Religious intolerance, a serious issue in the modern world, is not nearly as prevalent in videogames. Western faiths have served as inspiration for many, many Japanese games such as the Shin Megami Tensei series and use of religious symbols is not uncommon. Nintendo went out of its way in the eighties, though, to strip games of any religious symbols and even went so far as to not publish the game Devil World in America due to its design. (Incidentally, Devil World is the only game designed by Shigeru Miyamoto that has not appeared in America.) While researching for this article, no notable games with anti-Catholic or anti-Semitic characters or messages came up. Only Ubisoft's Assassin's Creed inched up to the realm of blasphemy with its ending, which will not be spoiled here for gamers that have not played the entire adventure. In the same breath, though, that game does a remarkable job recreating the Holy Land without using any cheap stereotypes.
Circling around to the issue of the depiction of African heritage in games coming out of Japan, two titles in recent history have prompted new debate: LocoRoco and Resident Evil 5. When LocoRoco debuted for the PlayStation Portable in 2006, gamer Alejandro Quan-Madrid questioned the game's blindness to sensitivity due to the game's enemies, the Moja. The Moja are small black creatures with large, red-lipped mouths, popping eyes, and dropping dreadlocks-esque hair. It takes serious self-deception to not see the similarities between the Moja and the golliwog caricature.
Did Sony pull the game or make any changes in LocoRoco when it shipped outside of Japan? No, and the Moja even appear in the recently released sequel. But it is interesting to see just how far the ripples of early 20th century iconography have traveled, even if there is no offense remotely intended.

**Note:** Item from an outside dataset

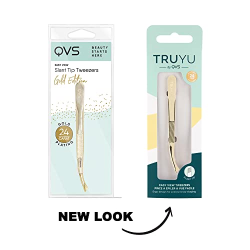 QVS Easi View Tweezer with 24 Carat Gold Plating Stainless Steel Slant Tip

Much more has been made of Resident Evil 5's plot and setting, which places Chris Redfield in a fictional African town where something has turned the locals into crazed monsters. Redfield is white and the majority of his targets are black, although his partner throughout the game, Sheva Alomar, is from Africa. Surely there was no intention by developer Capcom to make any sort of social or racial statement about Africans in Resident Evil 5, but there is no escaping history. African characters behaving like savages and white-on-black violence are loaded images, despite the most benign of intentions. Recently, IGN Xbox editor-in-chief Hilary Goldstein editorialized that Resident Evil 5 is not a racist videogame. He's right -- it's not.

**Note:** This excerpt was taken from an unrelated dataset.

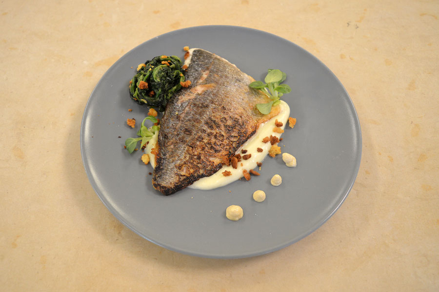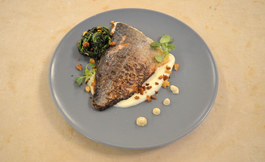 Orata CBT con crema di cavolfiore, cicoria ripassata con zest di limone, crumble di pane e crema all’olio di limone.

But the loud pushback over questions about its imagery threatens to miss the point -- and an opportunity -- entirely. This is part of the growing process for videogames. If they want to be considered on the same level as film, television, literature, and other forms of artistic expression, then conversations like this must unfold. As widespread and accepted as videogame are now in modern culture, they can be a real force for good in striking down remnants of insensitivity and intolerance around the world. Let's not turn back now.